Sandy Bridge (E5-2670) does not support DDR4. All DDR3 designs probably
predate rowhammer discovery, so I wouldn't really trust them to properly
mitigate rowhammer attacks as it was not a factor when the chips were
designed. Obviously rehashing old products is even less likely to occur
due to cost and soon to be obsoleted products.

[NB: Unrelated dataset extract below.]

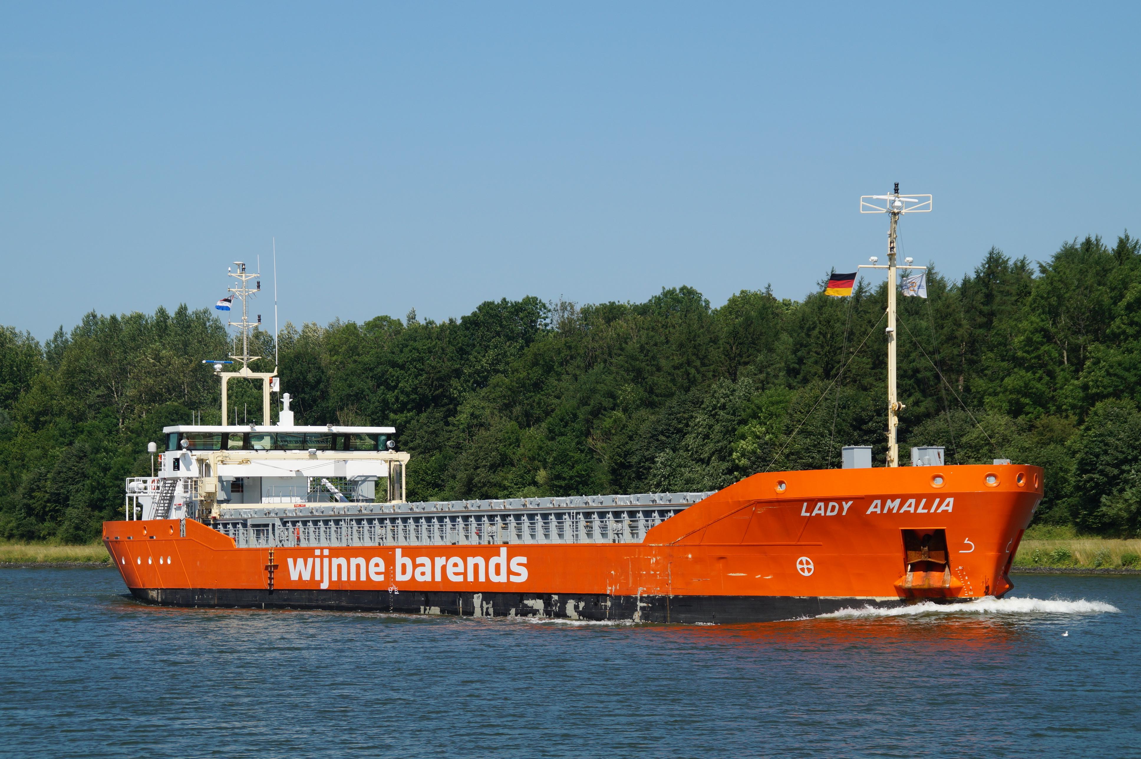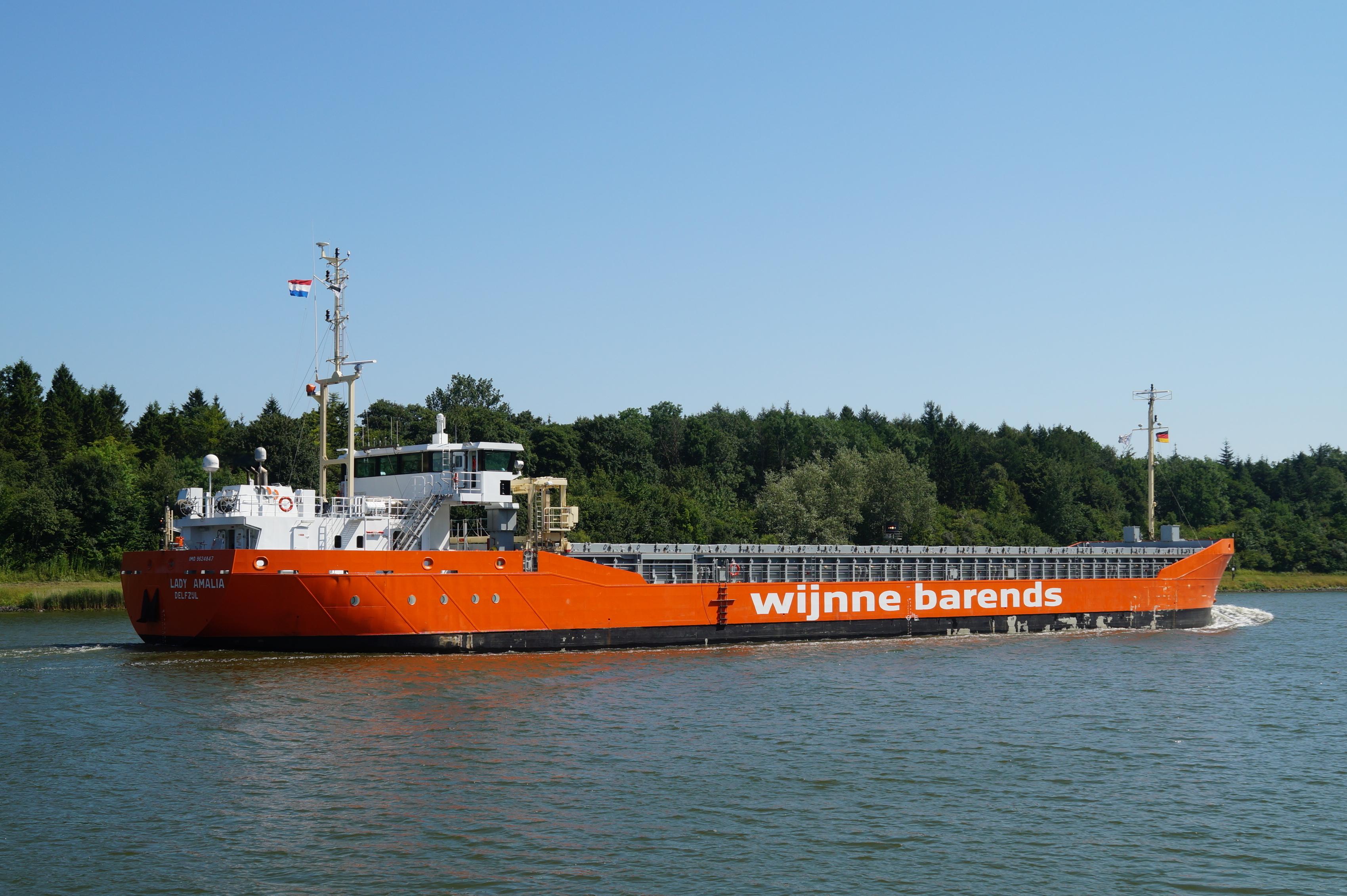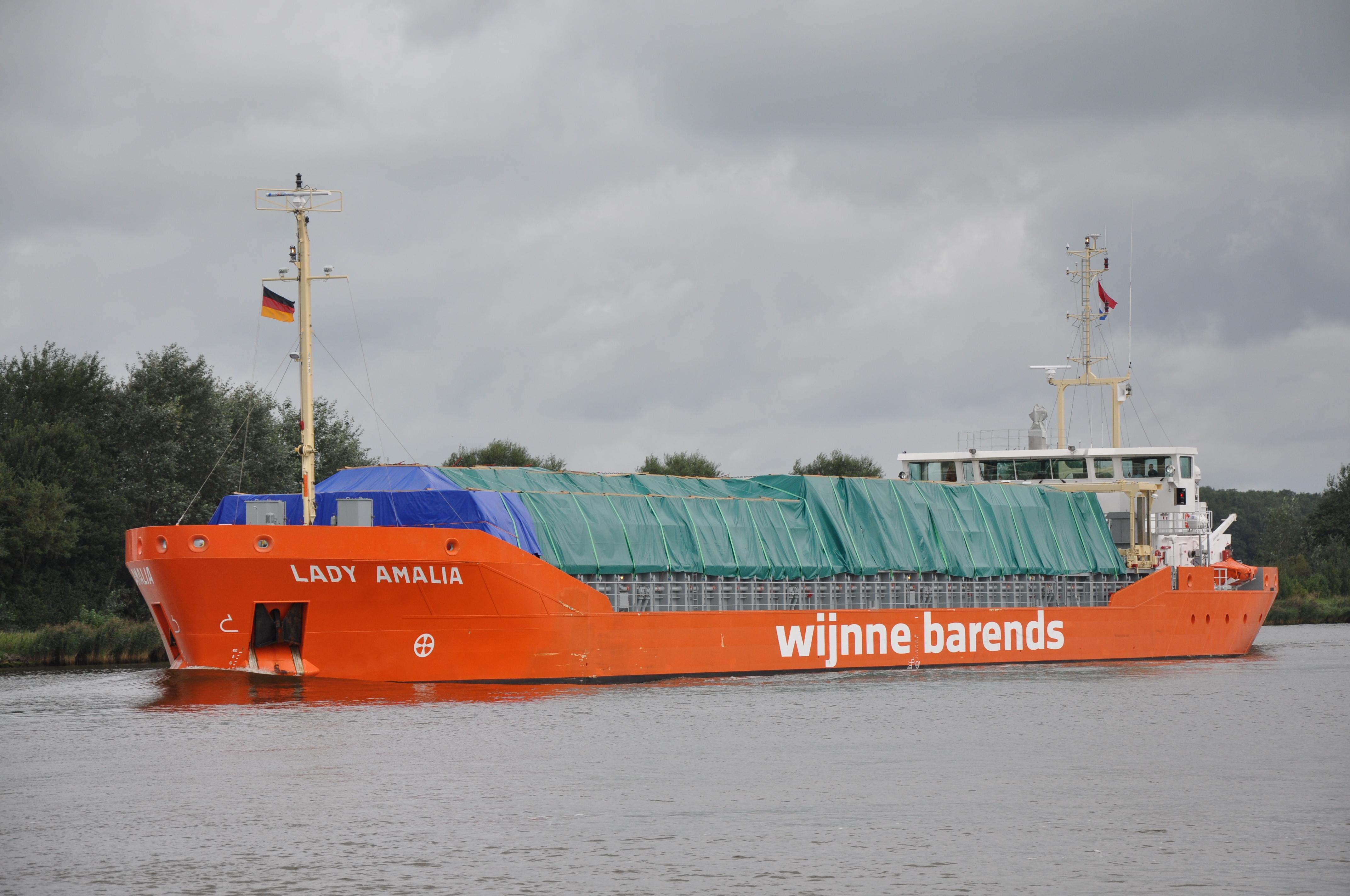 Lady Amalia 2012 (op stapel als "Prinses Amalia" ) tijdens haar transport van de nieuwbouwwerf naar Delfzijl t. h. v. de Farmsumerhaven op 10- july 2012. |

When considering rowhammer, TRR (targeted row refresh) is much more
important feature than ECC actually, and Xeons at least should supports
TRR (probably since Ivy Bridge although that bit of information is based
on sources I wouldn't fully trust, i.e., some random vendor marketing
material, IIRC). AFAIK, there is no publically available official
confirmation from Intel that Xeons really do support TRR, however, there
are some errata entries that indicate that TRR with LRDIMMs won't work
which indicates that it likely works with RDIMMs at least. Thus, it
seems mainly as a problem of finding RDIMM that actually implements
TRR properly and likely also a motherboard which enables CPU's TRR
functionality is needed.
AFAIK, there is no information whether non-E5/E7 CPUs would support
TRR or not.
> Unfortunately, that's not true:
>
> "Tests show that simple ECC solutions, providing single-error
> correction and double-error detection (SECDED) capabilities, are not
> able to correct or detect all observed disturbance errors because some
> of them include more than two flipped bits per memory word."
>
>
https://en.wikipedia.org/wiki/Row_hammer#Mitigation
While I don't doubt a second that there are vulnerable ECC memories
too (especially DDR3 ones), I noticed one interesting oddity in the
recent DRAMA attack paper:
The paper first mentions that their dual E5-2630 v3 system is fitted
with Samsung DDR4 ECC RDIMM when they did the address bits reverse
engineering part. However, later in the paper when they actually
exploited rowhammer bugs, the dual E5-2630 v3 system is, for some
reason, reconfigured to use Crucial DDR4s. Could it perhaps indicate
that they (while not reporting it), didn't succeed in rowhammer
against Samsung ones so they tried to other ones just to prove
a point... It would make things very interesting if that would be
true.
In the last Spring rowhammer paper, Micron-based DIMMs seemed
to be particularly bad (close to magnitude worse than the other
brands mostly, IIRC) so the ability to trigger rowhammer issues
with Micron-based DDR4 ECCs in particular doesn't surprise me that
much. I know that Micron mem chip specs indicate as if they
would have some non-TRR based solution built-in but that doesn't
seem to help (or work).
Other vendors information I've come across:
* Samsung: DDR4 specs mention TRR support and have timing diagrams on
how that is performed. One presentation with a high ranked Samsung
person as the author claims that rowhammer is mitigated in their
DDR4s (or it might have mentioned TRR directly, I don't remember
anymore the wording)
* IIRC, both Hynix and Intel have a patent related to rowhammer but
that won't prove anything about real products
> > t's a shame that the more powerful Xeon CPUs don't come with a
> > built in GPU, I'll have to make do with a current one. Added
> > benefit here is that pretty much all Xeons support technologies
> > necessary for Qubes 4.0 compliance. Wonder why they aren't more
> > popular among desktop users.
Indeed. Given how much effort Intel has put into GPU virtualization,
it's really shame that there aren't any more than 4 core CPUs with iGPU
in the first place and as far as the leaks about upcoming ones can be
trusted, there won't be any in the near future either (but take this
with a grain of salt obviously). It would be quite interesting product
especially as Intel seems to really put significant effort on getting
iGVT to work in Xen and Intel GPU virtualization support might
eventually make itself into Qubes too.
--
i.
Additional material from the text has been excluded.